- [Your task] Nothing but the lines from the one with "Image: Nancy Baker" through the end of the listing should be reproduced, each exactly and with pictures omitted.
(Input data begins)
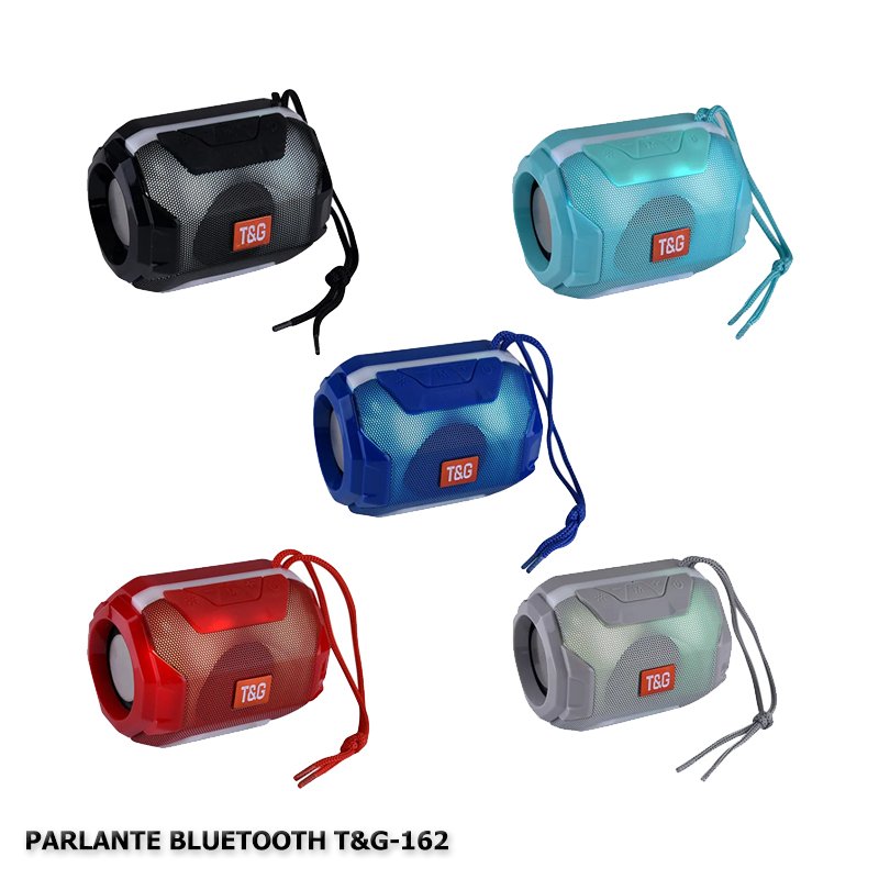 El parlante T&G TG 162 cuenta con una bateria de 1000MAH con una duracion de hasta 3 – 4 horas continuas de uso con un alto parlante de 5V de salida con funcion de radio, conexion bluetooth para dispositivos IOS y Android, slot para usb y memoria sd, cuenta con un diseño sencill y pequeño que le permite ser transportado de manera facil con una correa para sujetarlo , incluye cargador y manual de instrucciones Tamaño: 28*11*12cm​
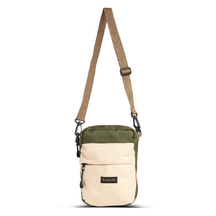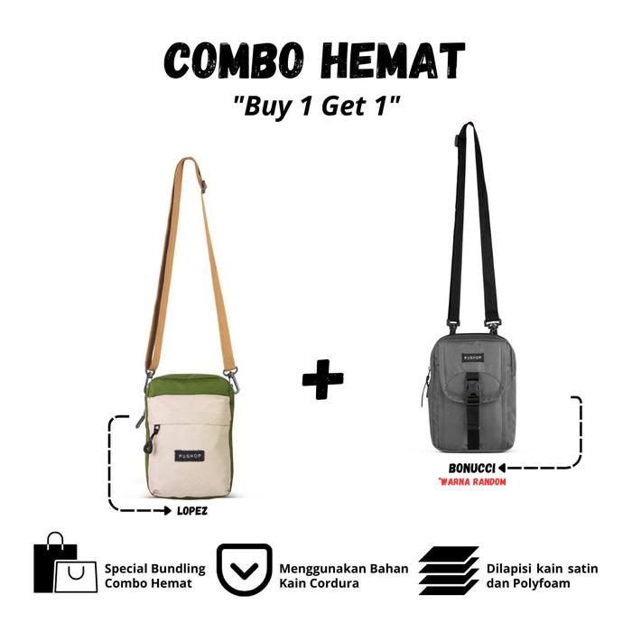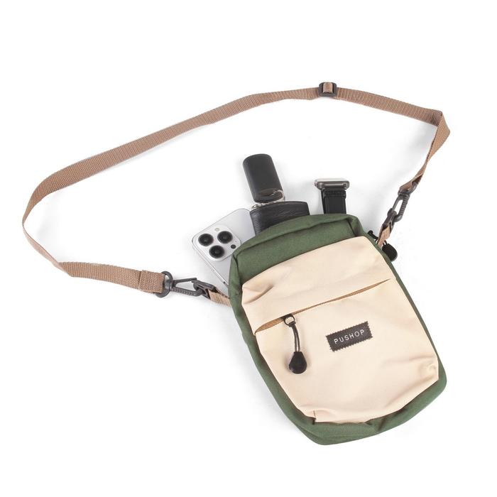 PUSHOP PAKET KOMBO HEMAT TAS SELEMPANG PRIA WANITA - BELI 1 DAPAT 2 TAS SELEMPANG PRIA MINI SLINGBAG LOPEZ GET TAS MINI SLING BAG BONUCCI CASUAL POLOS - HIJAU - CREAM
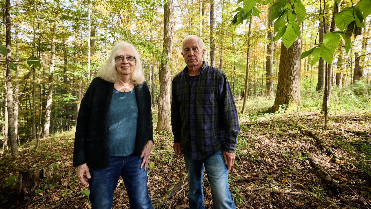 Image: Nancy Baker and forester Daniel Swift on Nancy’s plot of land. Photography by Petr Krejci.
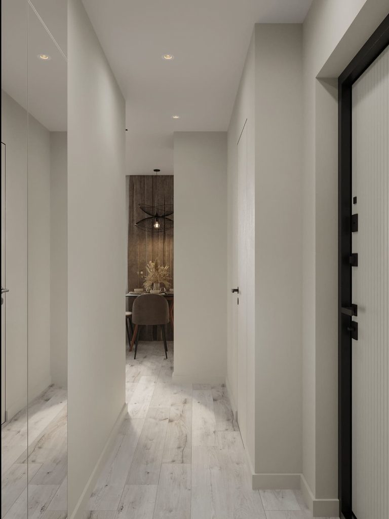 Прихожая этой квартиры сразу задаёт тон всему интерьеру: лаконичная, светлая и функциональная. Несмотря на небольшие размеры, здесь удалось грамотно организовать хранение и создать уютную атмосферу. Большое зеркало во всю высоту визуально расширяет пространство, делая узкий коридор светлее и просторнее. Открытая вешалка с деревянными рейками позволяет удобно разместить верхнюю одежду, а закрытый шкаф с зеркальными фасадами вмещает всё необходимое, включая сезонные вещи и хозяйственные принадлежности.
(Input data ends)
- [Task result]
 Image: Nancy Baker and forester Daniel Swift on Nancy’s plot of land. Photography by Petr Krejci.
 Прихожая этой квартиры сразу задаёт тон всему интерьеру: лаконичная, светлая и функциональная. Несмотря на небольшие размеры, здесь удалось грамотно организовать хранение и создать уютную атмосферу. Большое зеркало во всю высоту визуально расширяет пространство, делая узкий коридор светлее и просторнее. Открытая вешалка с деревянными рейками позволяет удобно разместить верхнюю одежду, а закрытый шкаф с зеркальными фасадами вмещает всё необходимое, включая сезонные вещи и хозяйственные принадлежности.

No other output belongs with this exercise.